What's In Blue

Posted Mon 10 Feb 2014

Consultations on South Sudan, Sudan-South Sudan and Sudan Sanctions

Tomorrow (11 February), Council members will hold consultations on the UN Mission in South Sudan (UNMISS), Sudan-South Sudan relations and Sudan sanctions. Hervé Ladsous, Under-Secretary-General for Peacekeeping Operations, and Valerie Amos, Under-Secretary-General for Humanitarian Affairs and Emergency Relief Coordinator, are expected to brief on UNMISS and Sudan-South Sudan issues whereas Ambassador María Cristina Perceval (Argentina), chair of the 1591 Sudan Sanctions Committee, will do so on sanctions. Special Representative of the Secretary-General in South Sudan and head of UNMISS Hilde Johnson appears likely to brief via video teleconference. At press time no outcome had been circulated by the US, the penholder on South Sudan. However, given that the second round of peace talks on South Sudan did not begin today as scheduled due the rebels’ refusal to participate until political prisoners are released and Ugandan troops leave the country, some Council members may want to discuss the possibility of reacting to this development through a statement.

UNMISS

Council members will likely be keen to hear Ladsous’ insights from his recent trip to South Sudan on 2-3 February. There are a number of issues that Ladsous and potentially Johnson, if she participates, are likely to cover in briefing on UNMISS. Some of these are operational in nature, while others relate to the broader political processes.
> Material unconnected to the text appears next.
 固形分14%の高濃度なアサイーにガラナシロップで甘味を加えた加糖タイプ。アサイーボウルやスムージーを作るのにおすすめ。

Regarding operational issues, the security of UNMISS bases, both in terms of external threats and internal policing, will probably be of interest. Members will also likely want to receive an update on the deployment status of the 5,500 additional troops authorised by the Council in resolution 2123 on 24 December 2013. A related area of interest to Council members is the extent to which UNMISS now has the capacity to extend operations beyond its bases and regularly patrol in conflict-affected areas.
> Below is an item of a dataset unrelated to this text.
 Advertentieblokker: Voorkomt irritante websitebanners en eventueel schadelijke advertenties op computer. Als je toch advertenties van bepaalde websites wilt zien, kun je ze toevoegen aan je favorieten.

The briefers may also discuss efforts that have been made by UNMISS to coordinate with the advance team of ceasefire monitors deployed 2-7 February by the Intergovernmental Authority on Development (IGAD). Some members may also want information on how UNMISS may be able to assist the upcoming AU Commission of Inquiry which, according to the AU Peace and Security Council (PSC) communiqué of 30 December, is expected to make recommendations on the best ways to ensure accountability, reconciliation and healing in South Sudan. The UN Security Council welcomed this Commission of Inquiry in a 10 January press statement (SC/11244) which also endorsed the PSC’s “intent to take appropriate measures” against those who incite or perpetrate violence or undermine UNMISS’s protection mandate.

Other matters related to the peace process and political developments in South Sudan will likely be addressed as well. There may be interest in receiving information on the negotiating positions of the government and the opposition, particularly as the second round of peace talks which were scheduled for today have now been postponed, possibly to tomorrow afternoon. Some members may also inquire about the implications in Jonglei state of the recent peace agreement between the Government of South Sudan and the South Sudan Democratic Movement rebel group, whose military wing has been led by David Yau Yau.

Council members may also be keen to know more about the status of Ugandan troops deployed in South Sudan. On 31 January, Uganda said that it would not withdraw all its forces, although a ceasefire deal signed on 23 January called for progressive withdrawal or redeployment of allied forces. Uganda’s presence in South Sudan has been complicated by its admittance that its troops were fighting alongside the government against the rebels, particularly in and around Bor. This is a cause of concern to some because it calls into question IGAD’s impartiality as a mediator, as Uganda is a member of IGAD.

Members may also be interested in an update on the UN report on human rights abuses in South Sudan. On 20 January UN Assistant Secretary-General for Human Rights Ivan Simonovic indicated that the initial findings would be released in a few weeks but so far Council members have not been given details of the findings.

More generally, issues related to UNMISS’s mandate and its potential revision taking into consideration the forthcoming recommendations in the Secretary-General’s report due in March may also be raised during the briefing and consultations. A key consideration for Council members is whether UNMISS’s mandate should be adapted moving forward to emphasise protection of civilians as the main priority of the mission.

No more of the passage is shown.